Таджикская певица была в лёгком красном платье. Когда она оказывалась на свету, спиной к окнам, всё в её ногах было видно. Верховойский попытался найти себе вроде бы случайную позицию напротив неё, чтоб рассмотреть получше, как просвечивает, – и сам себе усмехнулся: щас же в баню пойдем, смотри не хочу.
Армянский массажист поглаживал подругу, подруга поглаживала массажиста.
– Поезд ночью – до поезда восемь часов, – прозвучал ответ Верховойского писателю-почвеннику. – Мы успеем пролить цистерну горячей воды на себя за это время.
– Я тоже хочу в баню, – сказала таджикская певица.

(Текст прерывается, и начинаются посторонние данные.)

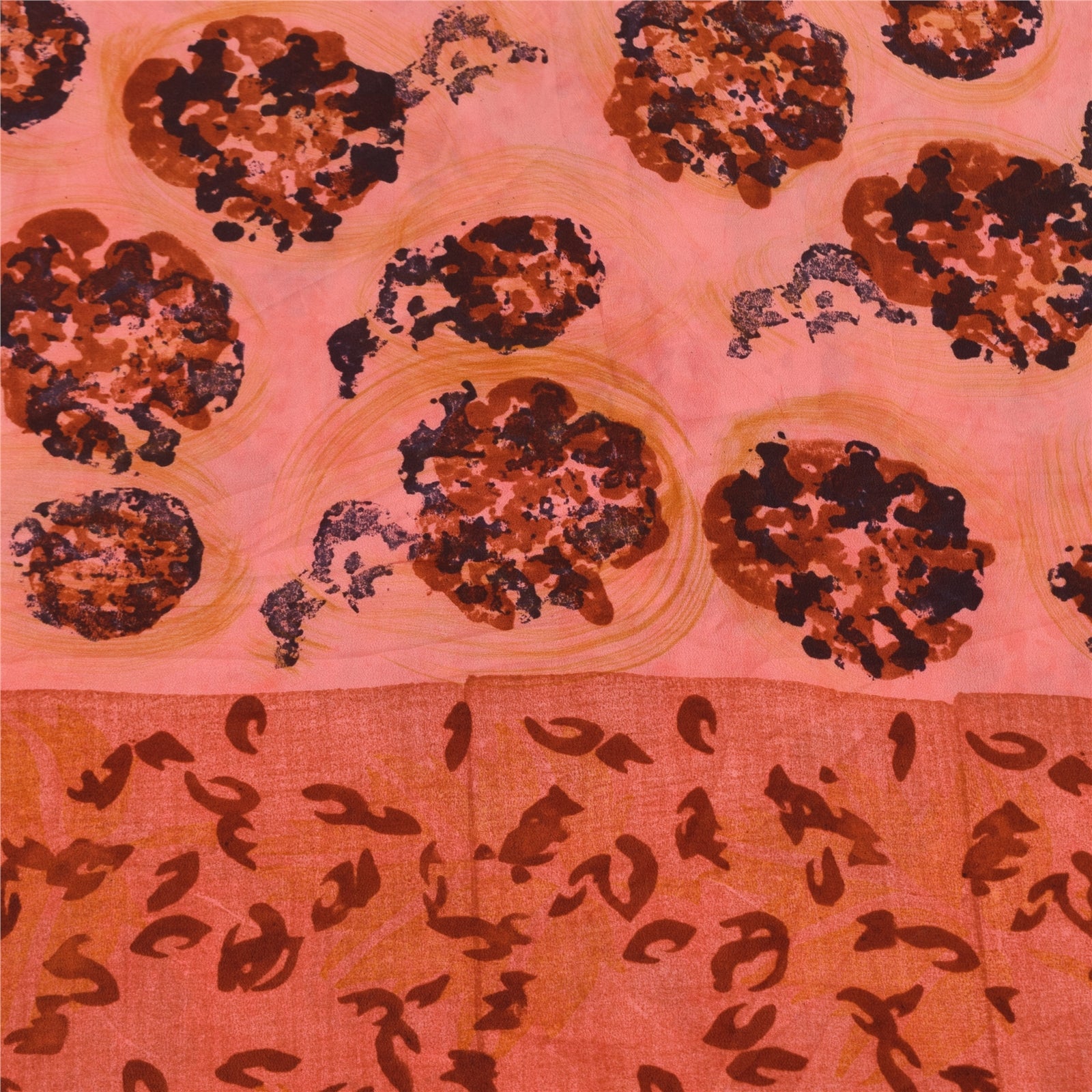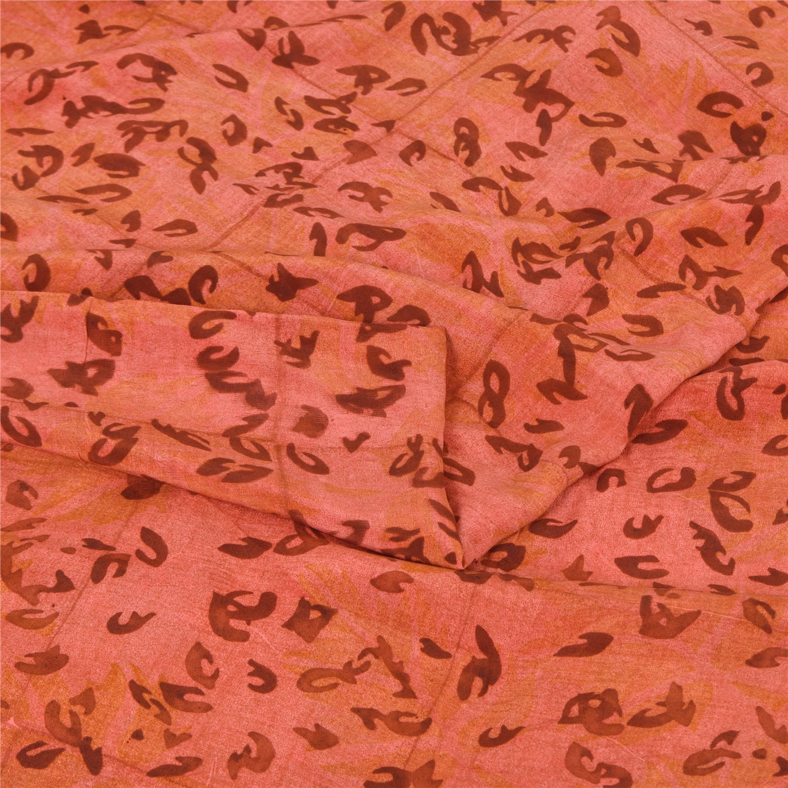 Sanskriti Vintage Sarees Peach Pure Crepe Silk Printed Sari 5+yd Craft Sustainable Fabric

Верховойский был почти трезв и очень деятелен, компания выпила три бутылки водки, это ни о чём.
Наступила его любимая степень алкогольного опьянения – воздушная, причём воздух бил откуда-то снизу, густой, горячей, обволакивающей волной. Эта волна наполняла лёгкие, заставляла улыбаться и обожать всё вокруг, быть стремительным, всеми любимым, дерзить женщинам и знать, что лучшие мужчины – твои братья.
Он набрал номер столичной справочной, в справочной узнал про ближайшую финскую парилку, в финской парилке заказал номер на шесть человек, тут же вызвал такси, долил всем водки; сын пастора пил нехотя – так как любил оставаться трезвым, чтоб ровно нести достоинство, но всё-таки тоже выпил. Пока перекуривали, позвонили из такси, выходите, серая «лада», 312.
То ли драматург, то ли стриптизёрша накрасила красивые губы. Таджикская певица, присев на стул в прихожей – тонкая ровная спина, вельможные повадки, – протянула ножку, и сын пастора помог ей надеть высокие красивые сапоги.
– А варежки и шапку на завязочках ты тоже ей одеваешь? – спросил Верховойский сына пастора и тут же добавил: – А давай, друг, ты будешь её одевать, а я раздевать? Мы же друзья, у нас всё поровну, я во всём готов тебе помочь. Нет? Ну, давай хотя бы я второй сапог помогу? Опять нет? Хорошо, а мне ты можешь ботинки надеть? Ты мне ботинки – я тебе шапку? А она пусть сама наряжается, не маленькая…
Таджикская певица внимательно слушала Верховойского, но из его предложений ни одно не было принято ни ею, ни сыном пастора.
Посему они, два мужика, начали наряжать друг друга с писателем-почвенником, путаясь в вещах, застёгиваясь вперемешку всеми четырьмя руками и наматывая шарфы на лицо товарищу наподобие бинтов.
В гоготе вышли в подъезд.
Толкаясь, вышли из подъезда.
На улице, грязная, как из лужи, слонялась туда-сюда весенняя погода, чесала спину о дома, садилась в сугробы, оставляла чумазые следы в снегу, отхаркивалась, каркала, хлопала крыльями и форточками.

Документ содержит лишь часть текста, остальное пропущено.